Surgery is the main treatment for melanoma — a dangerous form of skin cancer — but a patient’s insurance could affect whether or not that cancer is quickly removed, new research suggests.
After reviewing thousands of melanoma cases, researchers at the University of North Carolina Lineberger Comprehensive Cancer Center reported that patients with Medicaid were more likely to face delays in scheduling their surgery than those with private insurance.
Medicaid is the federally funded health insurance program for poor and needy people.
“The primary treatment for most melanoma is surgical excision, which can be curative,” said study author Dr. Ade Adamson, a clinical instructor in the UNC School of Medicine’s department of dermatology.
“These delays in care are concerning, particularly if they disproportionately affect those who might be the most vulnerable, such as Medicaid patients,” he said in a hospital news release.
Researchers reviewed the records of almost 8,000 patients from North Carolina. All had been diagnosed with melanoma between 2004 and 2011. Patients had private health insurance, Medicaid or Medicare, the health insurance program for those 65 and older. Specifically, the study examined the amount of time between the patients’ diagnoses and their surgery.
The study showed that the patients with Medicaid were 36 percent more likely than those with private insurance to experience surgical delays. Folks with Medicaid were also more likely to wait more than six weeks for their surgery after being told that they had melanoma. Delays were also more common among patients who were not white.

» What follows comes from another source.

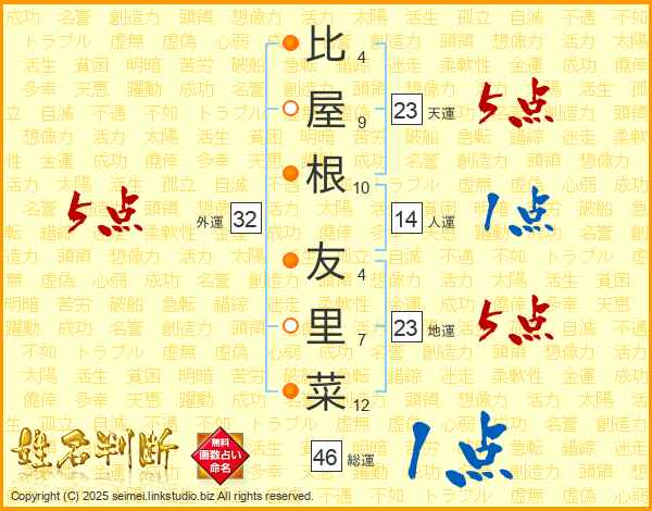 生活面を象徴する運勢です。外部から受ける影響力を表し、結婚運、家庭運や職場、環境への順応性を表します。総運から人運を引いた画数。姓や名が1文字の場合を除く。

The patients least likely to wait for melanoma surgery were those with private insurance. Those who were diagnosed or operated on by a dermatologist were also less likely to face surgical delays, according to the findings.
The researchers noted that Medicaid patients often lack access to dermatologists and may have trouble getting referrals for specialists, which could increase their risk for delays.
“We have identified insurance type as a factor associated with timeliness of care delivered to patients with melanoma,” said Dr. Nancy Thomas, chair of the School of Medicine’s department of dermatology.
The authors said more research is needed to determine what is causing the delays in melanoma surgery.
“Once we figure this out we can think about ways to construct an intervention to make sure patients with this potentially deadly cancer get the timely, appropriate care they deserve,” Adamson said.
The study was published in JAMA Dermatology.